3 min read

DPO vs. GRPO: A Deep Dive into Reinforcement Learning for Autoregressive Image Generation

DPO vs. GRPO: A Deep Dive into Reinforcement Learning for Autoregressive Image Generation

The world of AI-powered image generation is evolving rapidly, and reinforcement learning (RL) is playing an increasingly pivotal role in shaping how models create visuals. A new study from researchers at CUHK, Shanghai AI Lab, and Peking University dives deep into two leading RL algorithms—Direct Preference Optimization (DPO) and Group Relative Policy Optimization (GRPO)—to uncover their strengths, weaknesses, and the nuances of applying them to autoregressive image generation.

The Battle of RL Algorithms: DPO vs. GRPO

At the heart of this research is a comparison between DPO and GRPO, two RL techniques that have shown promise in fine-tuning large language models (LLMs) for tasks requiring Chain-of-Thought (CoT) reasoning. But how do they fare when applied to image generation, which also involves a sequential, step-by-step process?

  • DPO: Known for its efficiency, DPO optimizes preferences directly without needing a separate reward model during training. It’s fast and computationally cheaper but can struggle with complex reasoning tasks due to its reliance on static, pre-collected data.
  • GRPO: An on-policy method that iteratively refines its approach using self-generated data. It excels in handling intricate tasks but comes with higher computational costs and longer training times.

The study reveals that DPO outperforms GRPO in in-domain evaluations, achieving an average 11.53% improvement on the T2I-CompBench benchmark. However, GRPO shines in out-of-domain generalization, consistently delivering better results on the GenEval dataset, which tests robustness with simpler, templated prompts.

The Role of Reward Models

One of the most intriguing findings is how the choice of reward model impacts performance. The researchers tested several reward models, including:

  • Human Preference Models (HPS, ImageReward): Trained on human-annotated rankings to assess aesthetic appeal and text-image alignment.
  • Visual Question Answering Models (UnifiedReward): Leverage multimodal LLMs to evaluate images based on detailed reasoning.
  • Metric Rewards: Domain-specific evaluation tools tailored to specific attributes like color or spatial relationships.

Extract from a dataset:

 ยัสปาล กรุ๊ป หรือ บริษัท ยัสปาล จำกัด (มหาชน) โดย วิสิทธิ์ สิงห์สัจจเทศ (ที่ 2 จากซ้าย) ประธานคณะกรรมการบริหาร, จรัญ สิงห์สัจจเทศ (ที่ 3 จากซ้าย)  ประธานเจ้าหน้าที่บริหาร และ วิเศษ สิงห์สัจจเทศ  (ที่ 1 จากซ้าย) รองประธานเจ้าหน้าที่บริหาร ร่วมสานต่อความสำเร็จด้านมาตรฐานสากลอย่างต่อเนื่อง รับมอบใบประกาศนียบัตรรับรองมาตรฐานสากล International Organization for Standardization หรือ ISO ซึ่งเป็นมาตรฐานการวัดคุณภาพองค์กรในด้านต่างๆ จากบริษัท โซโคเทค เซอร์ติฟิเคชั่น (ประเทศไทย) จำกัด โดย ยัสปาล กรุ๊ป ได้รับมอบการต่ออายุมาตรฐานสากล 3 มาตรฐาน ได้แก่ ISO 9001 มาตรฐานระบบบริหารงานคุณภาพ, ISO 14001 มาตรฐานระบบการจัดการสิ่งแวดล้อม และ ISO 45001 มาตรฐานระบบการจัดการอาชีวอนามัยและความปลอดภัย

The results show that DPO is more sensitive to reward model variations than GRPO, with its generalization performance fluctuating more dramatically based on the reward model used. Crucially, the study found that a reward model with strong intrinsic generalization capabilities can enhance the generalization potential of the RL algorithm itself—a key insight for future model development.

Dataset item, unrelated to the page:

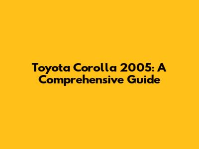 Toyota Corolla 2005: Specs, Common Issues & Repair Guide

Scaling Strategies: What Works Best?

The researchers also explored three scaling strategies to optimize performance:

  1. Scaling Sampled Images per Prompt: Increasing the number of images generated per prompt (for DPO) or the group size (for GRPO) can improve in-domain performance, but excessive scaling risks overfitting.
  2. Scaling In-Domain Training Data: Expanding the diversity and volume of training data helps both algorithms, but GRPO benefits more from moderate scaling, while DPO sees consistent gains.
  3. Iterative Training: DPO’s in-domain performance improves with iterative training, but its generalization can degrade after multiple cycles. GRPO, meanwhile, maintains steadier out-of-domain performance.

Key Takeaways

  • DPO is the go-to for in-domain tasks, offering strong performance with lower computational overhead.
  • GRPO is better for generalization, making it ideal for applications where adaptability to diverse prompts is critical.
  • Reward model choice matters, especially for DPO, and investing in high-quality, generalizable reward models can pay dividends.
  • Scaling requires balance: More data and samples help, but too much can lead to diminishing returns or overfitting.

Why This Matters

Autoregressive image generation is increasingly being framed as a CoT reasoning problem, where each step in the generation process builds on the last. Understanding how RL algorithms like DPO and GRPO perform in this context—and how factors like reward models and scaling strategies influence outcomes—is crucial for advancing the field. This study not only provides a comprehensive comparison but also offers practical insights for developers looking to fine-tune their models for specific use cases.

For those eager to dive deeper, the full paper is available on arXiv, and the code has been released on GitHub.